**What is needed**. What you return should match the listing exactly, minus its images.

**Raw data**.
::::::::::

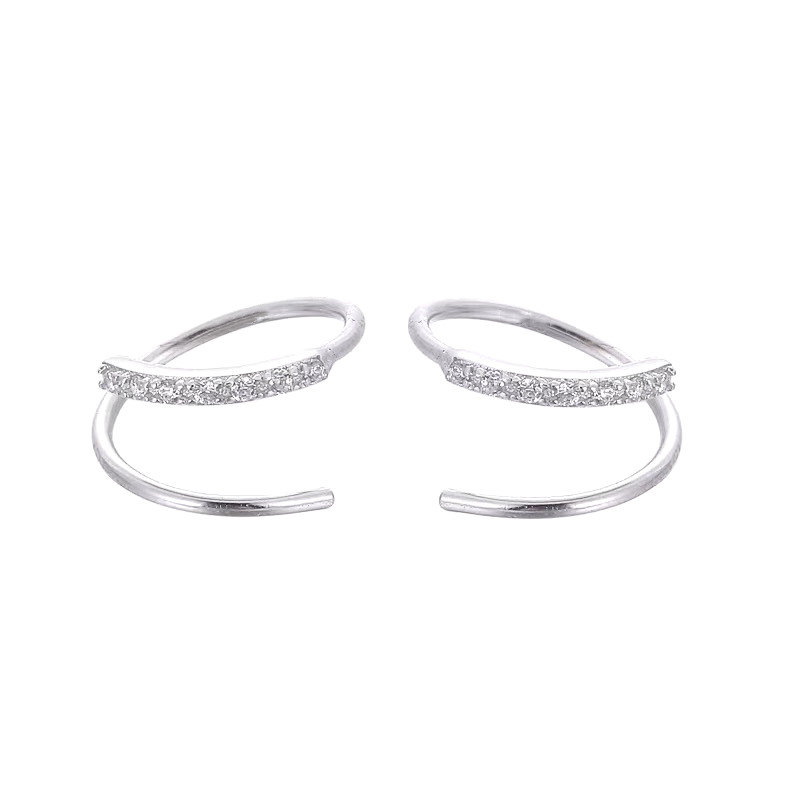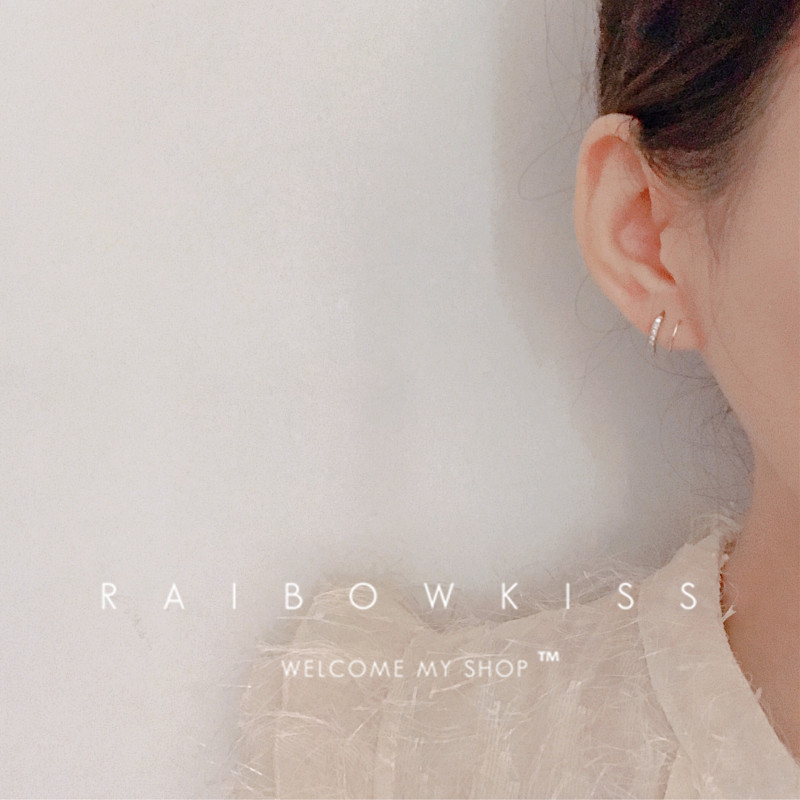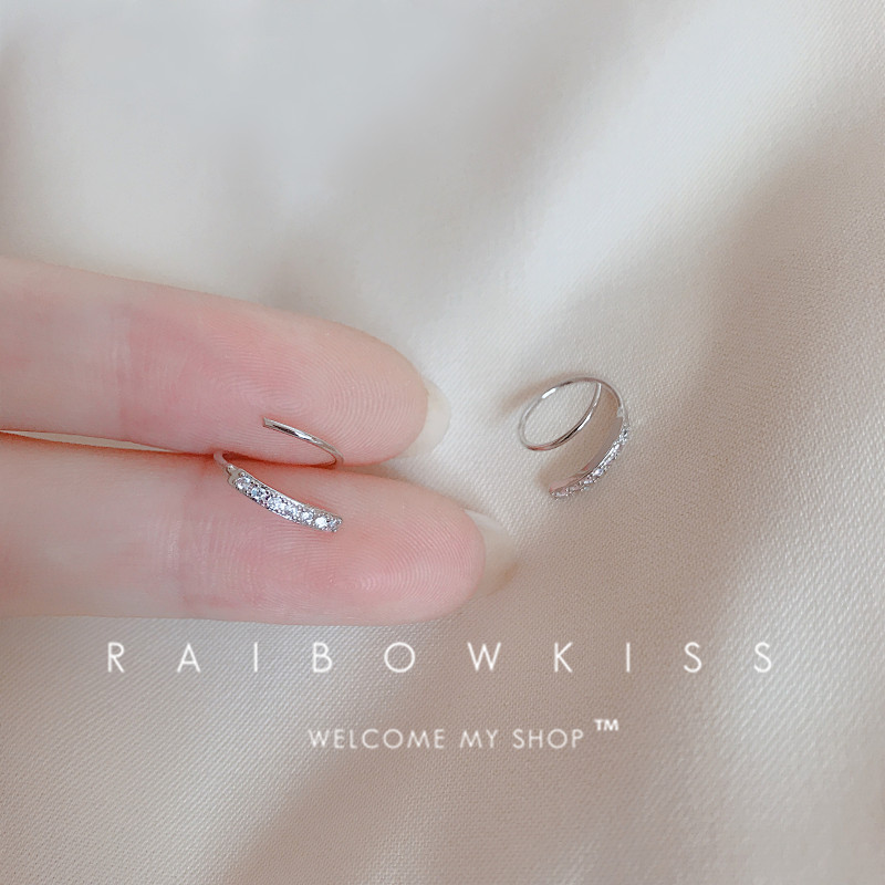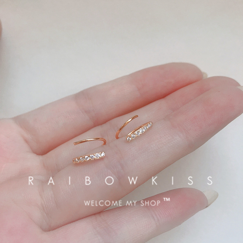Small freshener Korean version double layer S925 pure silver ear ring female minimalist temperament 100 lapped water drill spring ring mesh red ear pin
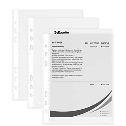 Esselte Pochettes Plastique Perforées A5 Grainée, 43 Microns
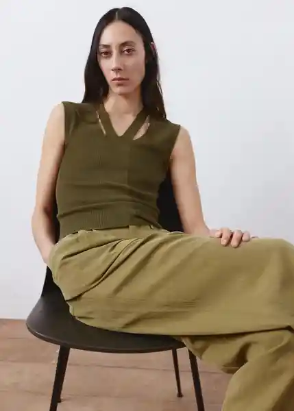 Cuello Combinado Diseño Entallado Escote de Pico Sin Cierre Sin Mangas Tejido de Punto Fino - 27075823_37.
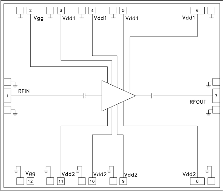 HMC906ACHIPS 是一款四级 GaAs pHEMT MMIC 2 瓦功率放大器,工作频段介于 27.3 和 33.5 GHz 之间。HMC906A 采用 +6V 电源,可以提供 28 dB 的增益以及 +33.5 dBm 的饱和输出功率和 20% PAE。RF I/O 是直流阻断型,并且匹配至 50 欧姆,以便方便地集成至多芯片组 (MCM)。所有数据均由两根长度为 0.31mm (12 mil)、直径为 0.025 mm (1 mil) 的键合线连接的芯片(位于 50 欧姆测试固件内)进行采集。

::::::::::

**Answer to this problem**.
Small freshener Korean version double layer S925 pure silver ear ring female minimalist temperament 100 lapped water drill spring ring mesh red ear pin
 Esselte Pochettes Plastique Perforées A5 Grainée, 43 Microns
 Cuello Combinado Diseño Entallado Escote de Pico Sin Cierre Sin Mangas Tejido de Punto Fino - 27075823_37.
 HMC906ACHIPS 是一款四级 GaAs pHEMT MMIC 2 瓦功率放大器,工作频段介于 27.3 和 33.5 GHz 之间。HMC906A 采用 +6V 电源,可以提供 28 dB 的增益以及 +33.5 dBm 的饱和输出功率和 20% PAE。RF I/O 是直流阻断型,并且匹配至 50 欧姆,以便方便地集成至多芯片组 (MCM)。所有数据均由两根长度为 0.31mm (12 mil)、直径为 0.025 mm (1 mil) 的键合线连接的芯片(位于 50 欧姆测试固件内)进行采集。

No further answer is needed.